* **About this task**: Using the records below, write out only the lines from the line containing "Kit 2 Potes" up to and including the line containing "The fabric is", exactly, with no pictures.

* **Data**:
━━━━━━

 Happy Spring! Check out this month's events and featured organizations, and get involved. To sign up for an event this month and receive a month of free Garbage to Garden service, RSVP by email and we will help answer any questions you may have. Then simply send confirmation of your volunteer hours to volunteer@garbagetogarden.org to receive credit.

━━━━━━

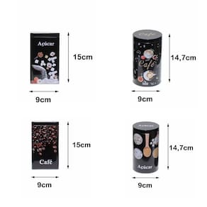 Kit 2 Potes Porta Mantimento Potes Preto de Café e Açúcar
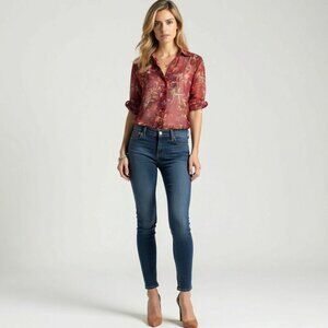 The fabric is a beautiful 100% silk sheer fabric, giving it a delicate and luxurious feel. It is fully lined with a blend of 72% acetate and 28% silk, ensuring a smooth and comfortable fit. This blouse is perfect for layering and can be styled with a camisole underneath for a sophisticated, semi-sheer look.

━━━━━━

* **Task answer**:
 Kit 2 Potes Porta Mantimento Potes Preto de Café e Açúcar
 The fabric is a beautiful 100% silk sheer fabric, giving it a delicate and luxurious feel. It is fully lined with a blend of 72% acetate and 28% silk, ensuring a smooth and comfortable fit. This blouse is perfect for layering and can be styled with a camisole underneath for a sophisticated, semi-sheer look.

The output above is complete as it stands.